All that is wanted is the exact lines from the first line of the data below through the line with "작업치료학과는 전국 국·공립대학", both ends included, with pictures omitted.

**PROVIDED DATA**
○ ○ ○ ○

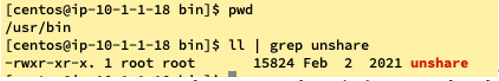 linuxunshare함수는 /usr/bin에 바이너리 형식으로 컴파일된 파일로 존재한다. /user/bin에 가면 우리가 쓰는 기본적인 linux명령어들이 정의되어 있다.
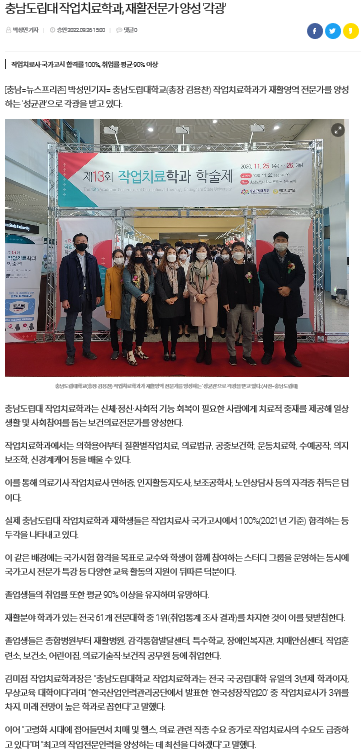 김미점 작업치료학과장은 “충남도립대학교 작업치료학과는 전국 국·공립대학 유일의 3년제 학과이자, 무상교육 대학이다”라며 “한국산업인력관리공단에서 발표한 ‘한국성장직업20’ 중 작업치료사가 3위를 차지, 미래 전망이 높은 학과로 꼽힌다”고 말했다.
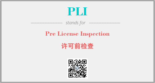 英文缩略词“PLI”经常作为“Pre License Inspection”的英文缩写来使用,中文表示:“许可前检查”。本文将详细介绍英文缩写词PLI所代表英文单词,其对应的中文拼音、详细解释以及在英语中的流行度。此外,还有关于缩略词PLI的分类、应用领域及相关应用示例等。
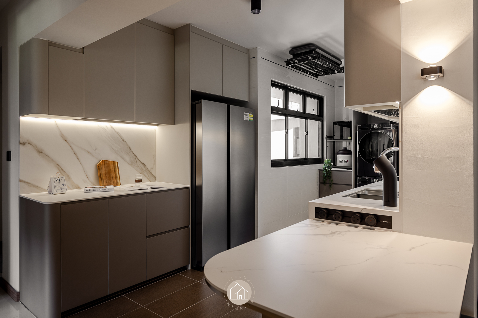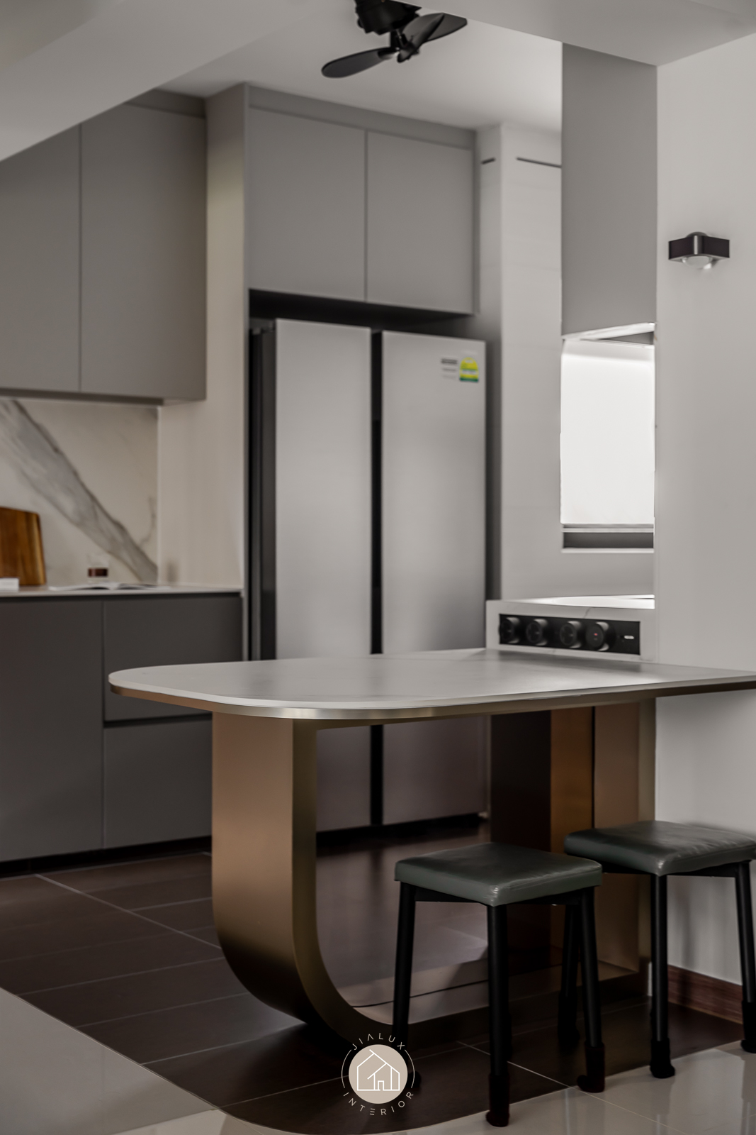 In the kitchen, sleek cabinetry and marble surfaces sharpen the galley layout, while the rounded peninsula softens the geometry and creates a refined, social edge for everyday living.

○ ○ ○ ○

**COMPLETED TASK**
 linuxunshare함수는 /usr/bin에 바이너리 형식으로 컴파일된 파일로 존재한다. /user/bin에 가면 우리가 쓰는 기본적인 linux명령어들이 정의되어 있다.
 김미점 작업치료학과장은 “충남도립대학교 작업치료학과는 전국 국·공립대학 유일의 3년제 학과이자, 무상교육 대학이다”라며 “한국산업인력관리공단에서 발표한 ‘한국성장직업20’ 중 작업치료사가 3위를 차지, 미래 전망이 높은 학과로 꼽힌다”고 말했다.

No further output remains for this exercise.